A Palestina, a Síria e o Iraque, a realidade africana subsaariana e os resquícios da França no norte do continente, a destruição dos sistemas tradicionais do subcontinente asiático e os males de origem latino-americanos; 90% de um mundo cuja história é contada, mas cujo sentido não é revelado. Permanecem obtusos, intransmissíveis. Como colonizados, ressentimos o passado, mas não ouvimos àqueles que propõem um outro presente. Ignoramos que seja possível “um mundo onde caibam vários mundos”. Olhamos, atentos, mas não ocupamos nosso papel de testemunhas de todos os massacres e horrores que se desvelam perante nós.
Buscamos a empatia, antes, um condoer-se dos males que aqueles, tão distante de nós, perduram, e com isso construímos nossa cultura, um parlatório infinito de análises e declarações sensibilizadas que visam produzir uma parcela de identificação.
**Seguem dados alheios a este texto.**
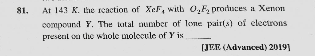 At 143 K. the reaction of XeF4 with O2F2 produces a Xenon compound Y. The total number of lone pair(s) of electrons present on the whole molecule of Y is ………….. At 143 K. the reaction of XeF4 with O2F2 produces a Xenon compound Y. The total number of lone pair(s) of electrons present on the whole molecule of Y is .............. November 29, 2020 Category: Uncategorised (JEE Advanced Physics by BM Sharma + GMP Solutions) , Facebook Messenger WhatsApp Share this:TwitterFacebook Related

Ao nos colocarmos nesse lugar, capturamos as dores, e colocamo-nos no lugar das vítimas reais. E os mortos, assim, continuam a morrer.
Essa tática decorrente do parlatório é muitas vezes uma consequência não intencional de boas ações, mas nem por isso deixa de ser uma expressão clara de nossa incapacidade de transmitir algum sentido concreto sobre as catástrofes. Não só, ela é uma armadilha evidente da poderosa máquina destrutiva que impera no mundo atual, neste reino que podemos denominar a cultura, e mais especificamente, a cultura política. É esta a tática que, há 75 anos, vem se desvelando pelo sionismo, e com sucesso, para justificar todo e qualquer abuso perante uma população originária. É por essa tática que se constrói um processo de identificação com o agressor; muitas vezes, mesmo quando o denunciamos. Há sempre um componente de ressentimento e desejo de agressão que nos move a querer dominar, tanto quanto a ser dominado. E, no entanto, essa tática não é única ou exclusiva ao sionismo, mas a essa forma-fascismo que é a marca indelével da experiência humana a partir do século XX. E da qual não nos livraremos tão cedo. Não obstante, é o sionismo que se impõe como a principal força a ser combatida, mobilizando tantas outras a seu favor – o maior poder global e seus aliados, bem como seus oponentes, cujas intenções tampouco são cândidas – e com uma capacidade espúria de reverter sua denúncia em crime. Numa escala global.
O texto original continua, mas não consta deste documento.